Non, il ne s’agit pas de la plage de Rio où nous serions rapatriés pour cause de mal d’altitude aigu ! Il s’agit bien d’un endroit en Bolivie, une toute petite ville (6000 hab) sur le bord du lac Titicaca, ancien centre cérémoniel inca puis ‘siège’ de la sainte patronne du pays, auprès de laquelle un moine brésilien en perdition près de Rio aurait fait un vœu, nommant ainsi la célèbre plage brésilienne d'après le petit port bolivien… Toujours est-il que c’est notre destination dans un bus vraiment brinquebalant, entre 6h et 9h du matin. Si les formalités de passage de frontière à Yunguyo (3km avant Copa.) se passent normalement.

 

Nous avons prévu une halte lacustre dans cet endroit, avant de rallier La Paz demain (3h de route également), puis, après 2 nuits dans la capitale économique du pays, de descendre vers le sud et la frontière argentine, en bus puis en… train. Cela signifie donc, entre Puno et Uyuni, une petite semaine sur l’Altiplano autour de 4000m. Or nous commençons à ressentir quelques symptômes du MAM, le Mal Aigu des Montagnes, surtout Sue, principalement ‘l’essoufflement au repos’ qui la gêne la nuit… Donc, obligés de penser à un ‘Plan B’ : nous pourrions abréger le séjour à La Paz et prendre un avion pour ‘descendre’ à Sucre, capitale administrative, qui n’est ‘que’ à 2800m, soit l’altitude de Bogota. Décision demain matin.

 

En attendant, nous voici arrivés à Yunguyo, la frontière bolivienne. Une formalité. Aucune envie des Boliviens, au contraire des Péruviens, de savoir comment nous allions sortir de leur pays... Et puis voici Copacabana, nichée entre deux petits mamelons au bord du lac.

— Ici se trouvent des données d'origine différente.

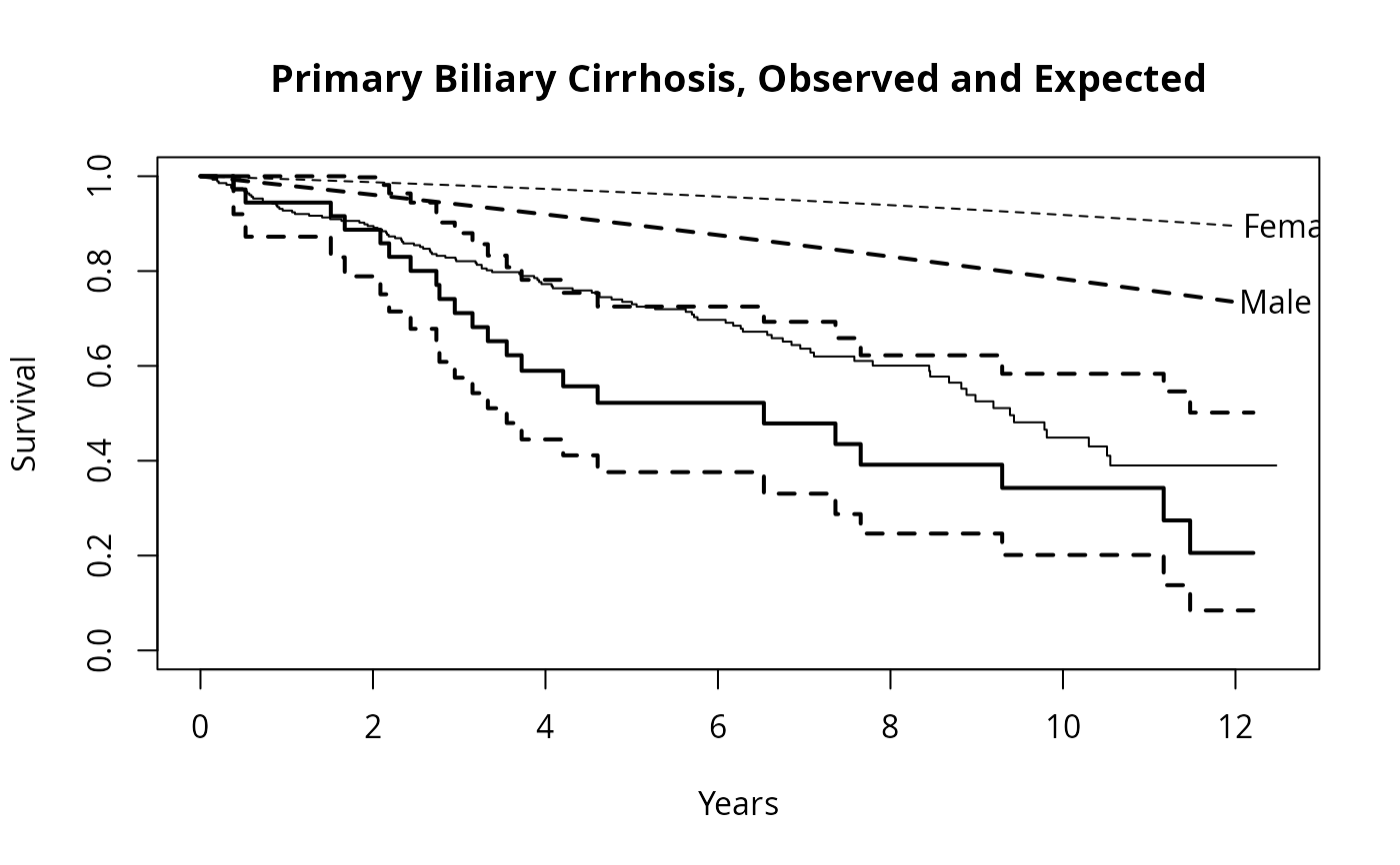 title(main="Primary Biliary Cirrhosis, Observed and Expected")

Sacs au dos, après une bonne truite du lac, nous faisons les 2-3 km qui nous séparent de notre point de chute, encore une fois magnifiquement trouvé par Sue. Cette promenade ombragée de bord de lac, à petits pas mesurés, restera un moment magnifique pour nous : des eaux d’un bleu profond, intense, le sentiment de l’infini en regardant l’horizon (presque courbe…), et toujours la ‘présence’ tutélaire des grands anciens de chez les Incas, en particulier de Manco Capac et de Mama Occla, son épouse et soeur, qui sont réputés être sortis des eaux du lac pour créer la nation et l’empire incas. Et aussi, bien sur, la présence de Nico et Céline, il y a 17 ans ! Mais contrairement à eux, nous n’irons pas jusqu'à l’Ile du Soleil, toute proche, nous avons choisi de nous reposer dans notre ‘EcoLodge’ – un groupe de 7 cabanes en dur étagées sur la colline face au lac - où nous sommes les seuls clients...

 

Nous repartons en ville vers 15h - enfin 16 puisque nous avons regagné une heure en progressant vers l’Est – pour retirer des BOB (Bolivares Bolivianos), visiter la cathédrale s’il vous plait - celle qui abrite la Virgen nationale, dont on change les habits tous les 3 mois, et c’est demain – et faire quelques courses, alimentaires et pharmaceutiques : nous allons en effet essayer les ‘Sorotchi Pills’, un mélange d’aspirine, solofine, et caféine (!) spécialement mis au point en Bolivie pour lutter contre les symptômes du mal des hauteurs (‘soroche’ en espagnol) ; et continuer à prendre du ‘mate de coca’, infusion de feuilles très efficace.

 

Magnifique coucher de soleil en rentrant… sur ce lac géant, le plus grand navigable au monde, le plus haut perché aussi, qui est réalimenté par des dizaines de torrents et rivières mais qui ne compte qu’un seul exutoire, tellement l'évaporation est énorme à cette altitude, lequel exutoire a d’ailleurs été nommé rio Desaguadero ou ‘rivière sans eau’ !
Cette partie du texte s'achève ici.